Interrogeons-nous et modulons les notes par rapport aux observations qu'on peut tirer de plusieurs aspects :
la capacité d'un élève par rapport aux attentes et à la progression des apprentissages pour ce niveau;
la progression du développement des compétences;
la fréquence du besoin de soutien, d'aide ou de validation lors d'une tâche;
l'utilisation et la pertinence des stratégies;
la prise en considération de la rétroaction dans les travaux subséquents;
la participation et la qualité des échanges;
l'engagement lors des tâches.
Il est possible, judicieux et pertinent de mettre en place des activités, des tâches ou des projets diversifiés qui permettent aux élèves de mettre en valeur les compétences et les connaissances acquises, que ce soit sur papier, à l'oral, en individuel, en dyade, en groupe, en entretien. Au besoin, il est toujours utile de rencontrer des élèves pour valider ses observations.

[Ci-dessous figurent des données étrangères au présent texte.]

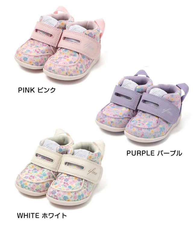 イフミー 子供靴 スニーカー 男の子 女の子 マジックテープ ベルクロ かわいい 保育園 幼稚園 通園 赤ちゃん ベビー ファーストシューズ セカンドシューズ ベビーシューズ 靴 シューズ 白 ホワイト ピンク パープル IFME CALIN 花柄プリントファーストシューズ 20-5818

Accordons plus de crédit aux apprentissages en classe et dans notre discours. Créons un réel engouement autour des projets que nous avons conçus avec passion. Servons-nous de chaque parcelle d'observation qui nous est donnée de constater pour étayer notre jugement. Discutons de rétroaction, de progrès, de bons coups et minimisons l'attention accordée aux évaluations formelles afin de diminuer le stress chez les élèves. Abordons et considérons, dans une proportion qui nous semble juste, l'auto-évaluation. Misons sur la rétroaction régulière et constructive pour donner un sens aux évaluations plus formelles.
Je nous souhaite de nous entourer de bienveillance pour nous-mêmes, notre équipe et nos élèves. Ne changeons pas tout, mais prenons conscience que l'évaluation n'est pas la seule trace qu'on peut considérer pour noter le progrès dans une compétence. Enlevons-nous cette pression, et, par la même occasion, rassurons nos élèves et leurs parents. Il sera ainsi plus facile d'arriver à jongler avec les absences, les cours virtuels et les retards et peut-être - PEUT-ÊTRE - que l'année semblera moins ardue et moi chaotique que la précédente. Diminuons ce stress inutile et amorçons ensemble cette précieuse réflexion collective.
En attendant, profitons de chaque précieux moment partagé avec nos élèves en classe pour offrir sans limite le goût d'apprendre, motiver, créer un lien et accrocher les élèves à l'école. Ça démontre, à mon avis, une plus grande réussite qu'une bonne moyenne au bulletin.